According to court records, on April 10, 2021, Jason Lee, a reserve deputy sheriff for the Marion County Sheriff’s Office, heard a dispatch request to execute an out-of-state arrest warrant for William Manery from Rutherford County, Tennessee.
Tennessee authorities had tracked Manery to Broad Ripple. He was wanted on Tennessee warrant for aggravated assault with a vehicle, evasion of arrest, and violation of probation.
Police dispatch in Indianapolis relayed this information and noted that Manery might be armed, was a flight risk and had previously threatened “suicide by cop.”

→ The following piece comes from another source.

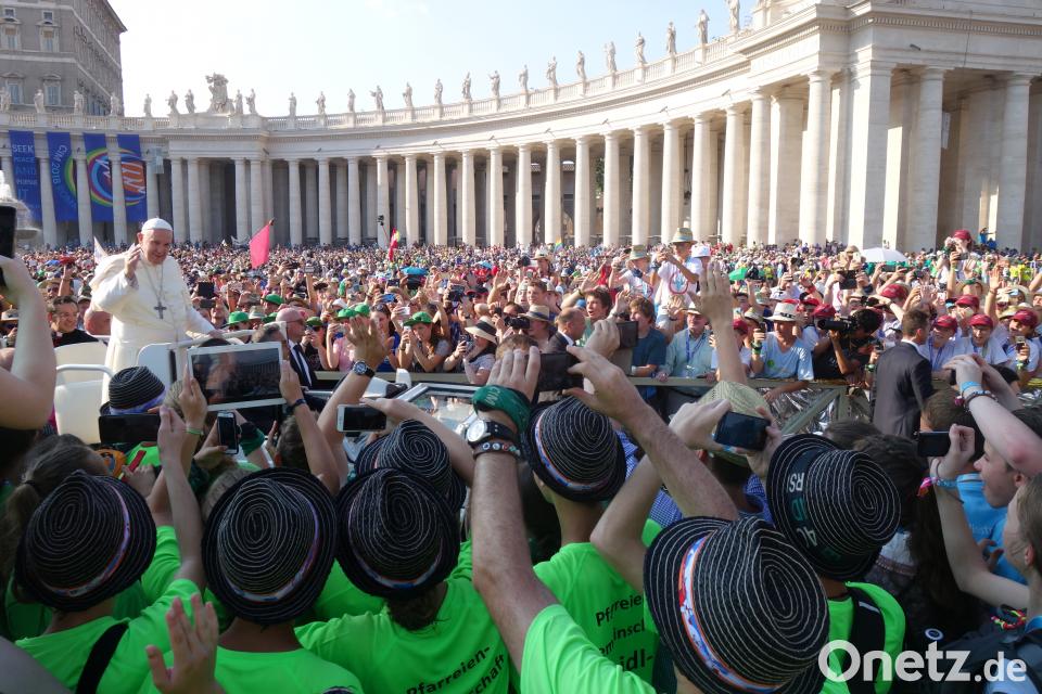 Auf dem Petersplatz sammelte sich am Dienstagabend die riesige internationale Ministrantenschar zur Sonderaudienz mit Papst Franziskus. Er fuhr mit seinem Papa-Mobil durch die Menschenmenge, so dass viele Ministranten dem Oberhaupt der Kirche für einen kurzen Moment ganz nah sein konnten. Der Tag klang mit einem kurzen Fußmarsch an den Trevi-Brunnen und die spanische Treppe aus.

A police team proceeded to an apartment complex in Broad Ripple where, according to information received from Tennessee authorities, they would find Manery.
Police found him sleeping in his car.
Manery attempted to flee the scene, and his vehicle collided with a police car.
Within seconds of the collision, Lee opened fire. He fired five shots, paused briefly, then fired four more through the driver’s side door. He hit Manery in the arm, hip, chest, and stomach.
Manery filed a lawsuit in state court against Lee, the Marion County Sheriff’s Office, and the Consolidated City of Indianapolis and Marion County.
He alleged that Lee’s use of deadly force had violated his Fourth Amendment rights. He also pleaded excessive force, negligence claims under state law, and claimed that the sheriff’s office and the city had failed to train adequately their law enforcement officers
The defendants moved the case to the district court, and Lee filed a summary judgment motion in which he argued that he was entitled to qualified immunity.The district court denied his request.
The district court expressed concern that deadly force may no longer have been justified once Manery hit a police car.
The court concluded that the inquiry into whether qualified immunity was clearly established was “intertwined with factual disputes concerning threat level” at the time Lee discharged his revolver. These factual disputes, concluded the district court, had to be resolved by the jury.
Lee appealed to the 7th Circuit.
In its opinion, the 7th Circuit noted that the record demonstrated that Lee was in a position where he had to determine immediately whether Manery continued to pose a threat.
“Lieutenant Lee did not know whether Mr. Manery might well continue his escape attempt, either in the automobile or on foot, and whether any further resistance would include the use of the weapon which Lieutenant Lee had been advised he possessed. Lieutenant Lee also had been informed that Mr. Manery might well attempt ‘suicide by cop.’ Lieutenant Lee did not have to take the “apparent surrender at face value, a split second after” Mr. Manery’s vehicle stopped,” the 7th Circuit’s opinion stated.
The appellate court found that a reasonable officer in Lee’s position would not have known that the use of deadly force could run afoul of Manery’s Fourth Amendment rights. It also found it was not clearly established that Lee’s use of deadly force was unreasonable, and, accordingly, he was entitled to qualified immunity.
The case has been sent back to U.S. District Court in Indianapolis for further proceedings.
Judge John Lee dissented in a lengthy opinion.
Judge Lee wrote that to secure appellate jurisdiction, Lieutenant Lee’s qualified immunity argument must rest entirely on undisputed facts or disputed facts that are construed in Manery’s favor, something the judge argued was not the case.
“Indeed, if we take Mr. Manery’s version of events (rather than Lieutenant Lee’s), the officer’s actions are clearly proscribed by precedent,” Judge Lee wrote in arguing for the dismissal of the police officer’s appeal, due to lack of jurisdiction.
The case is William Manery v. Jason Lee, 24-1292.